Saio da garagem e no halo de luz que o portão oferece, na sua lenta ascensão, no jardim de fronte erguia-se uma mulher de meia-idade, de pé, nos seus cerca de 1,80 de altura de glamour, elegância e óculos escuros.
Não posso jurar que era loura ou se foram os raios de sol que me encadearam. Arrastavam-na pela trela, três caniches que iam à sua frente como se fossem batedores. Percebi o olhar insinuante, nele um fulgir de sensualidade, outras vezes, um prelúdio de sono, o que fazia sentido pois era meio-dia.
Pergunto-me como pude ver tudo isto num relance e com a mão no volante? Passei por ela, o mais devagar que me era permitido por lei, esfreguei os olhos ainda incrédulo.
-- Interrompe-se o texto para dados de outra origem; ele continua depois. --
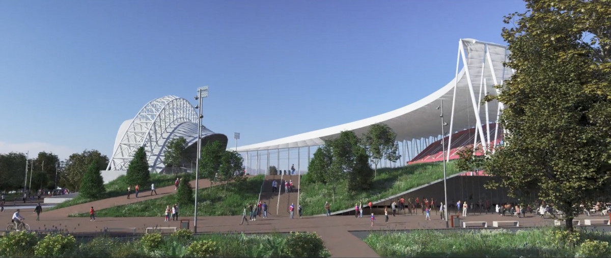 Perspective du stade Gabriel-Montpied en phase 1, pour un piéton en provenance de la Ligne A du tramway

A centenas de metros dali voltei para trás, queria ver melhor se era um sonho ou visão, tocar-lhe não ousaria.
Cheguei de novo ao local da cena e afinal já tinha desaparecido, escapuliu-se, nem sombra, só havia deserta a pequena esplanada e impávidos, os bancos verdes do jardim.
A explicação mais consistente é que era uma mulher que só tinha existido como tantas outras, nas sessões de cinema da meia-noite do Quarteto, no celuloide dos primeiros filmes americanos, dos anos cinquenta, agora recuperados e pintados a cores pastel e no entanto, mudos como eu tinha ficado.
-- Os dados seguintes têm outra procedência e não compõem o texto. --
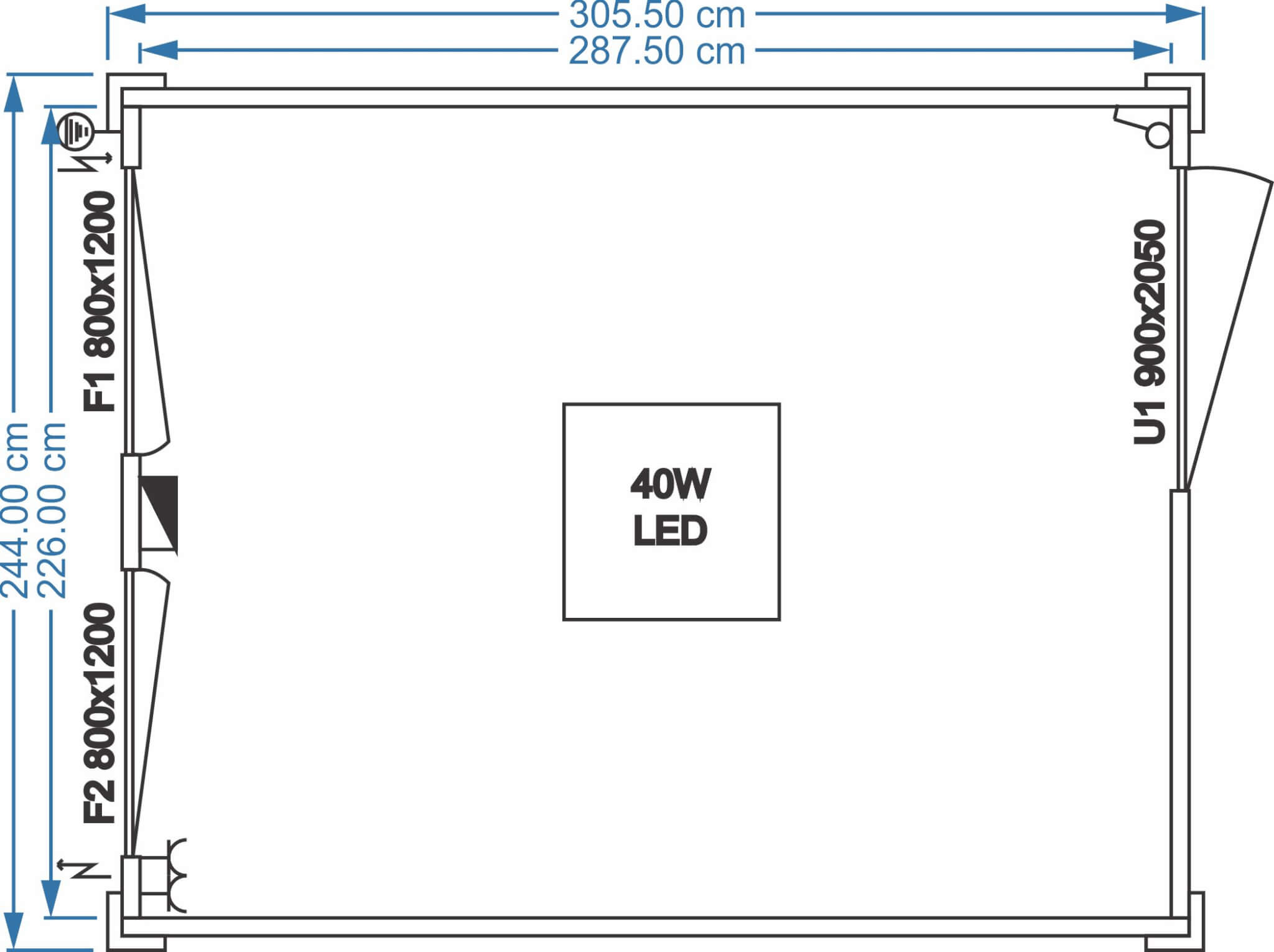 Der Universalcontainer 3,05 m x 2,44 m ist eine vielseitige und robuste Lösung für zahlreiche Anwendungen. Dank seines verzinkten Stahlrahmens mit Epoxid- und Polyurethanbeschichtung gemäß ISO 12944 ist er bestens gegen Korrosion geschützt. Die Wände bestehen aus 50 mm starken Sandwichpaneelen mit Polyurethanschaum (PIR), die eine ausgezeichnete Wärmedämmung und Feuerwiderstand EI15 bieten. Der Boden ist mit einer 150 mm dicken Mineralwollisolierung und einer strapazierfähigen PVC-Beschichtung ausgestattet, während die Decke über eine 200 mm starke Isolierung verfügt. Der Container ist mit einer isolierten Metallbrandschutztür (EI60) und zwei dreh- und kippbaren Kunststofffenstern mit Dreifachverglasung ausgestattet. Das integrierte Regenwassersystem sorgt für eine effiziente Entwässerung. Die elektrische Installation umfasst eine Schalttafel 400V/32A, FI-Schutzschalter und energieeffiziente LED-Beleuchtung. Mit seiner robusten Konstruktion und hochwertigen Materialien ist dieser Container ideal für Lager, Büros oder temporäre Wohnräume geeignet.

Tratou-se pois e isso é que fica para a posterioridade, de uma aparição cinematográfica debaixo das palmeiras para nos salvar da rotina, algo de tropical, será que esta também provoca alucinações, seria um milagre, pura tentação, pareceu-me excessivamente teatral mas deixa-me ainda, esta agradável ilusão de poder ter uma diva por vizinha, criada a partir do nada e da câmara escura da minha garagem.